# Gemma 4 26B-A4B vs Nemotron 3 Super 120B-A12B — Head-to-Head Comparison

> **Date:** 2026-04-06 (updated with published benchmarks)
> **Source data:** `docs/RESEARCH-GEMMA4-BENCHMARK.md` (Phases 1-3) + `docs/RESEARCH-NEMOTRON3-SUPER.md` + official model cards
> **Both benchmarked on DGX Spark GB202 (128 GB unified memory), same script (`benchmark_gemma4_vllm.py`)**
> **Published benchmarks:** [HuggingFace model card](https://huggingface.co/google/gemma-4-26B-A4B-it), [Google DeepMind](https://deepmind.google/models/gemma/gemma-4/), [Google Blog](https://blog.google/innovation-and-ai/technology/developers-tools/gemma-4/)

---

## 1. Model Architecture

| Property | Gemma 4 26B-A4B | Nemotron 3 Super 120B-A12B |
|----------|-----------------|---------------------------|
| **Total parameters** | 25.2B | 120B |
| **Active parameters** | 3.8B (15%) | 12B (10%) |
| **Architecture** | MoE (128 experts, ~6 active) | Hybrid Mamba-2 + MoE (512 experts, 22 active) + LatentMoE |
| **Special features** | Native vision (image + video) | Multi-Token Prediction (MTP), LatentMoE, O(n) Mamba-2 layers |
| **Modality** | Text + Vision | Text only |
| **Context window** | 128K | 1M (131K configured) |
| **Quantization** | NVFP4 (community, post-training) | NVFP4 (native — trained in FP4, lossless) |
| **Developer** | Google DeepMind | NVIDIA |

---

## 2. Inference Performance (DGX Spark, Measured)

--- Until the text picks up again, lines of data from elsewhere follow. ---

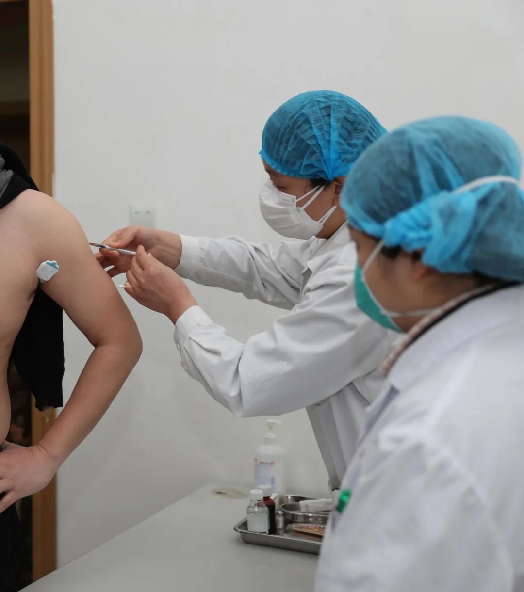 北京时间3月16日,陈薇团队研发的重组新冠疫苗获批进入临床。图为当天临床人体接种现场(来自军事科学院官方公众号)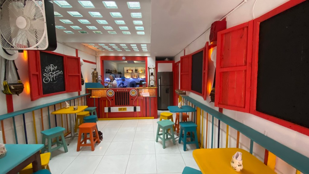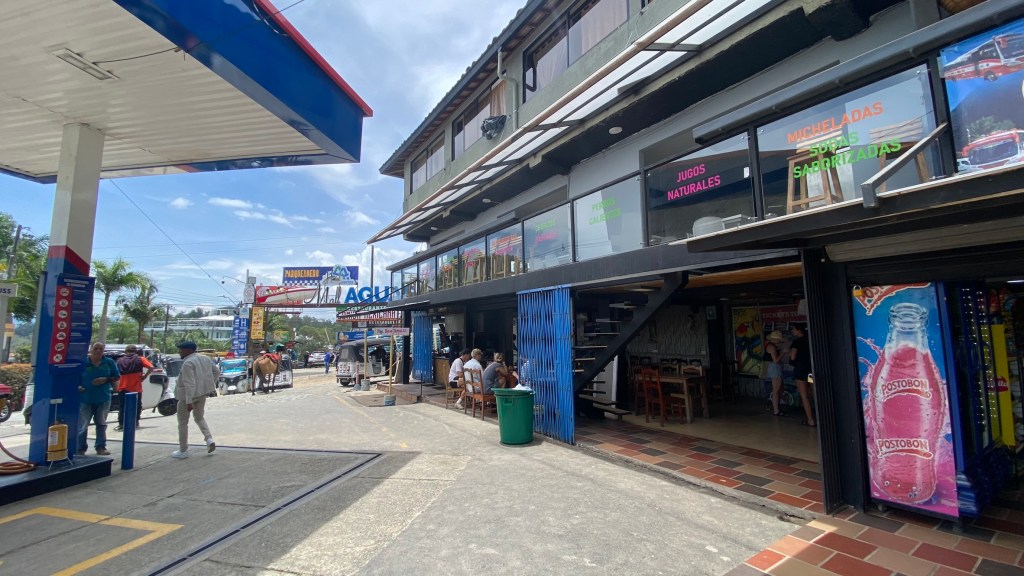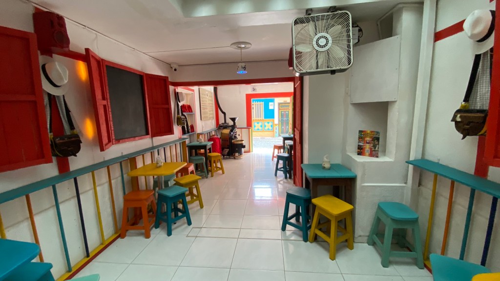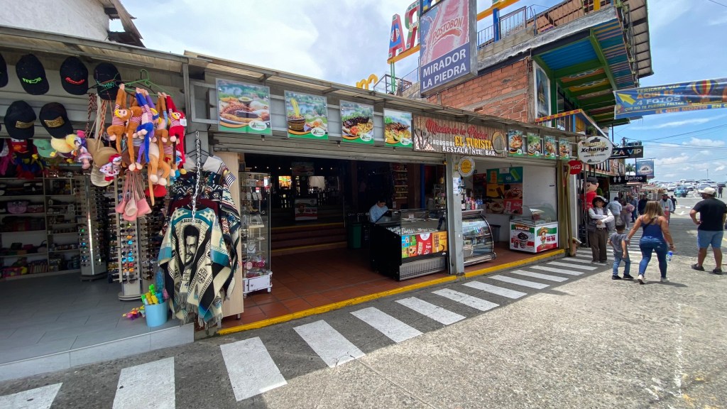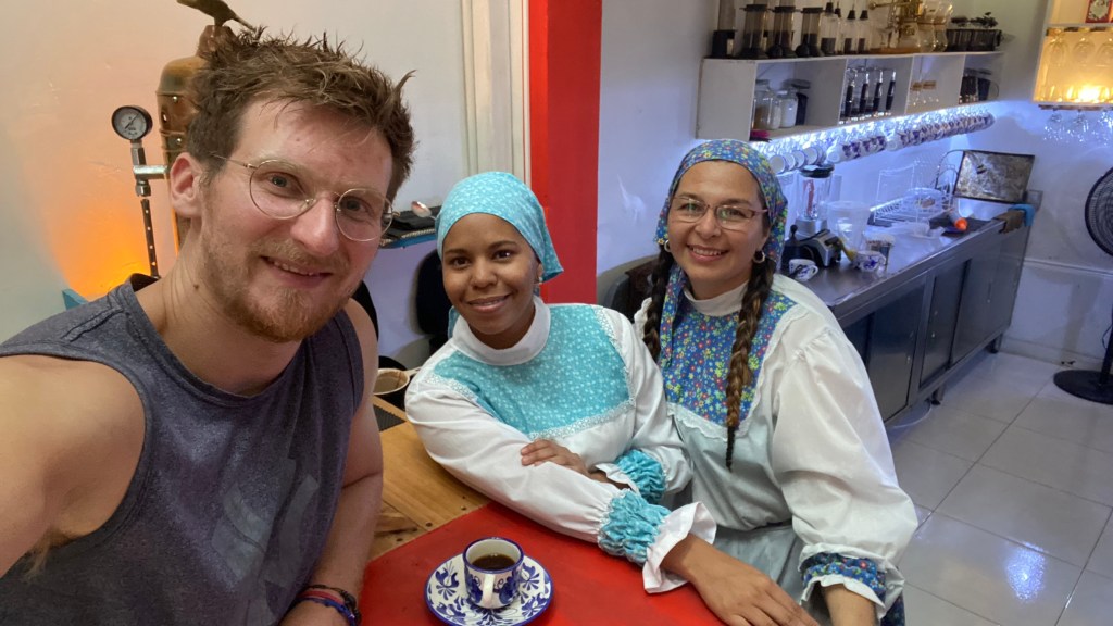 Es dauerte nur ein paar Minuten, da rief auch schon eine nette Dame aus einem kleinen Café zu mir rüber, ob ich nicht einen Kaffee haben möchte. Ihr könnt sie sogar hinten auf dem rechten Bild schon sehen. Ich sagte natürlich zu. Im Café sin P begrüßten mich zwei Damen in einer traditionellen Tracht. Als sie bemerkten, dass ich spanisch spreche, waren sie ganz glücklich und fragten mich regelrecht nach meiner Reise aus. Ich erzählte den beiden natürlich gerne, wo ich mich bisher so rumtrieb. Yamile und Yalimar sind Freundinnen und kommen beide aus Venezuela. Hier in Guatapé haben sie sich einen Wunsch erfüllt und ein Café eröffnet. Und das meiner Meinung nach mit Erfolg, denn der Café war sehr gut und auch die traditionellen Backwaren, die sie anboten, waren sehr gut. Wenn ihr in Guatapé seid, stattet den beiden auf jeden Fall einen Besuch ab. Sie werden euch mit offenen Armen empfangen und euch einen klasse Kaffee servieren.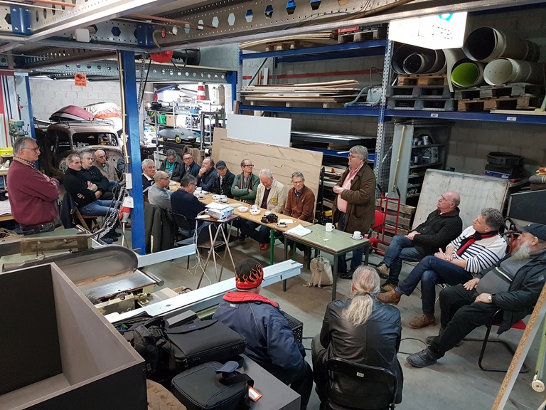 Een locatie werd gevonden bij Paul en Roger Kicken in Sittard. Een loods, waar zowel tractions als trabantjes zijn gehuisvest, ligt een grote hoeveelheid 2e hands onderdelen van Paul Kicken opgeslagen. Een uitstekende ambiance voor traxionisten.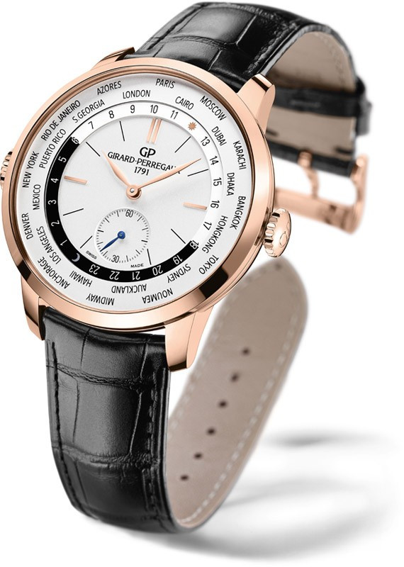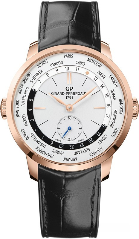 Внутри часов Girard-Perregaux 1966 WW.TC установлен автоматический механизм, Калибр GP03300-0022/0027. На серебристом циферблате отображаются часы, минуты, малая секундная стрелка, иникатор день/ночь, мировое время. Корпус диаметром 40 мм, изготовлен из розового золота 18к. Запас хода составляет 46 часов. Водонепроницаемость до 30 метров. Часы комплектуются ремешком из кожи аллигатора с вставкой из розового золота 18к.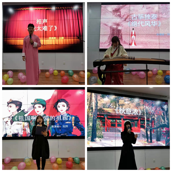 经过紧张的比赛与激烈角逐,申景雷同学凭借清唱歌曲《演员》获得一等奖;刘喆佳、刘萍分别凭借歌曲《秋意浓》与诗朗诵《祖国啊亲爱的祖国》获得二等奖;何盼、王弘浩、王建芳同学凭借古筝《绝代风华》、歌曲《童话》、歌曲《潇洒走一回》获得三等奖。
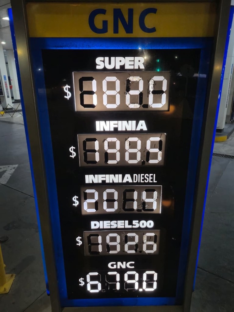 - Nafta Súper: desde $1820.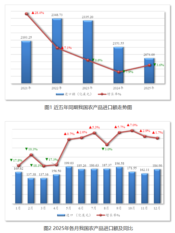 据海关统计,2025年1-12月,我国农产品进口总额2,074.1亿美元,比上年同期下降3.6%,占全国外贸进口总额8%,农产品进口整体呈现收缩态势。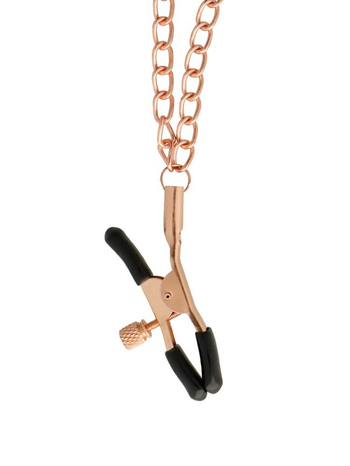 Παγιδέψτε τις θηλές σας ανάμεσα στους σφικτήρες και νοιώστε ηδονικά τσιμπήματα πόνου να κατακλύζουν το σώμα σας και να σας διεγείρουν. Το άγγιγμα της κομψής αλυσίδας πάνω στο γυμνό σας κορμί θα ξεσηκώσει περαιτέρω τις αισθήσεις σας και θα σας χαρίσει απίστευτη ευχαρίστηση.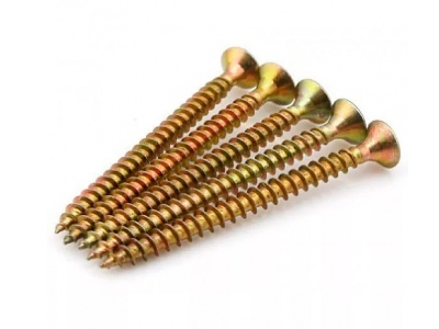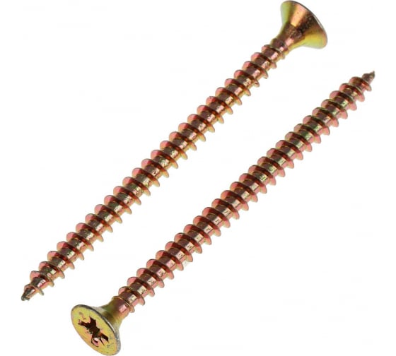 Универсальный саморез 70х5,0 мм желтый, изготовлен из углеродистой стали с антикоррозионным цинковым покрытием, имеет потайную головку с крестообразным шлицем PZ, крупную накатанную резьбу и острый наконечник.

| Metric | Gemma 4 26B NVFP4 | Nemotron Super NVFP4 | Delta | Winner |
|--------|-------------------|---------------------|-------|--------|
| **Throughput** | **50.4 tok/s** (±0.2) | **16.0 tok/s** (±0.0) | **3.15x faster** | 🏆 Gemma 4 |
| **TTFT** | **83.9 ms** (±4.9) | **269.0 ms** (±45.7) | **3.2x faster** | 🏆 Gemma 4 |
| **Model VRAM** | **15.74 GB** | **90.42 GB** | **5.7x smaller** | 🏆 Gemma 4 |
| **VRAM headroom** (of 128 GB) | ~112 GB free | ~37.6 GB free | 3x more room | 🏆 Gemma 4 |
| **Throughput stability** | 50.0-50.7 (25 runs) | 16.0 exactly (25 runs) | Both rock-solid | Tie |
| **Cold start** | ~4 min (cached CUDA graphs) | ~2-3 min | Comparable | Tie |

### Machine Assignments

| Model | Machine | Runtime | Config |
|-------|---------|---------|--------|
| Gemma 4 26B | **Titan** | vLLM 0.18.2 (`gemma4-cu130`) | `--quantization modelopt --kv-cache-dtype fp8 --gpu-memory-utilization 0.85 --tool-call-parser gemma4` |
| Nemotron Super | **Beast** | vLLM 0.17.2 (spark-vllm-docker) | `--kv-cache-dtype fp8 --gpu-memory-utilization 0.75 --max-model-len 131072 --reasoning-parser super_v3` |

---

## 3. Quality Benchmarks

### Functional Tests (Same Benchmark Suite)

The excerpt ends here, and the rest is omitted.